In fact, to her immeasurable shame and chagrin, she’d never been able to keep her wits about her when it came to Bennett, a fact that became glaringly evident with each botched attempt at resisting him. He crooked his finger, she came. The end. The emotional tug and off-the-charts attraction she’d always felt for him had never been governed by anything remotely close to rationale. It had been ruled by her heart and her body, completely excluding her brain and anything close to common sense.
He was Bennett—her Ben—and, as such, he would always hold a special place in her pathetically miserable broken heart.

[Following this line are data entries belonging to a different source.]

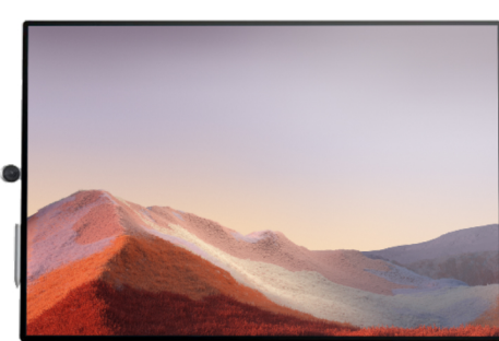
Surface Hub 2S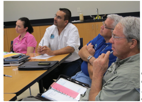
Rookery Bay Reserve

Professionals with water conservation expertise may be influential in educating other community members.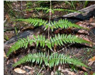
Frond.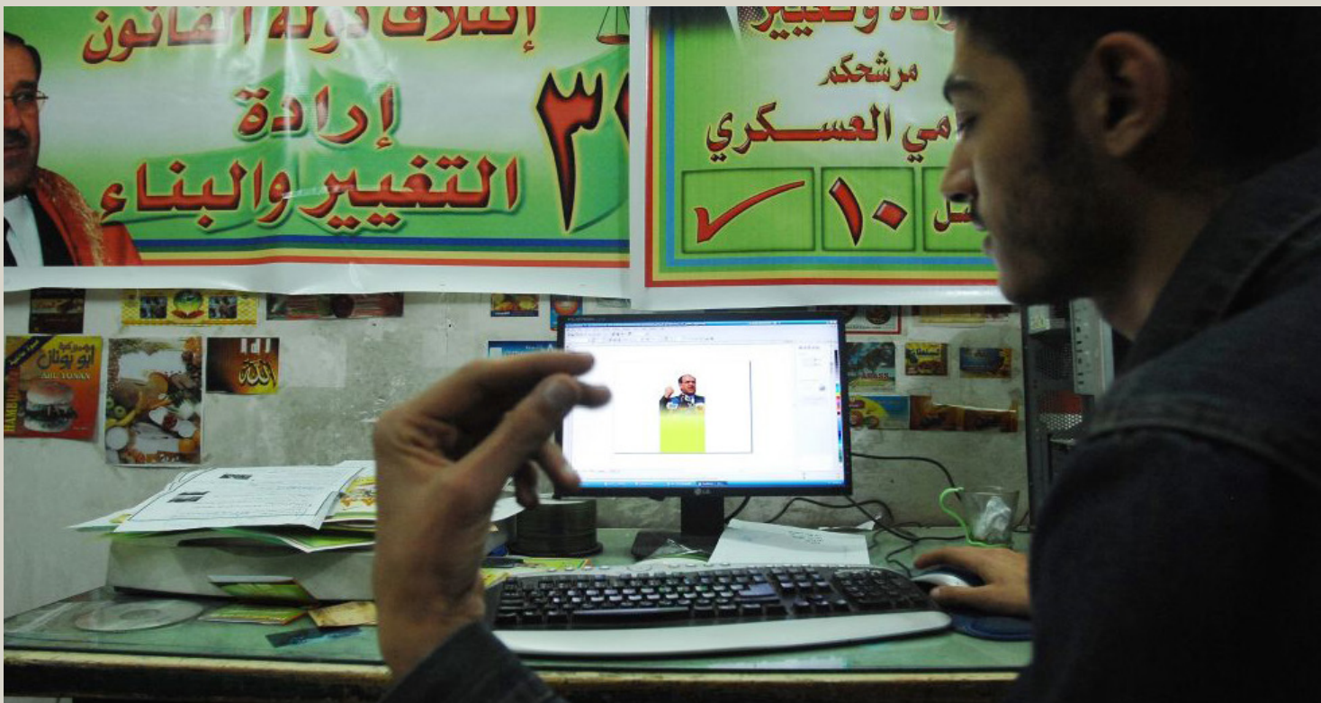
An Iraqi print house worker discusses the design of a campaign leaflet with a candidate's staff while they work the graphics on an office computer on Feb. 3, 2010 in Baghdad, Iraq.

Part of the reason the decentralization process has been so slow and difficult is related to politics and power. The federal government fears that corrupt individuals will embezzle their cash and tribal matters will dictate what money is left and how it is spent. And this has been borne out: as administrative authorities came to the governorates, PC members took advantage of operational budget costing and strong-armed local DGs to hire their preferred candidates through wasta — the Arabic term for having/utilizing “connections,” generally to further political or individual interests — or risk losing their jobs, having family members denied access to jobs and services, or facing intimidation and threats. 43 However, from the governorate

Though he’d been a good kid, an A-plus eager-to-please—almost desperate-to-please, in retrospect—student and a budding athlete through the majority of their school years, something had happened to Bennett in their senior year of high school, and for no apparent reason he’d done an about-face.
For starters, he’d dumped her—right before prom, which at the time had been the mother of all humiliations—without reason, without provocation and without warning.
She’d been devastated, and to this day Eden still didn’t know why he’d done it.
Then his grades had plummeted, he’d started hanging out with the wrong crowd and within a month had become their ringleader. Most painful of all, he’d turned into a skirt-chasing fiend bent on bedding practically every girl in the county.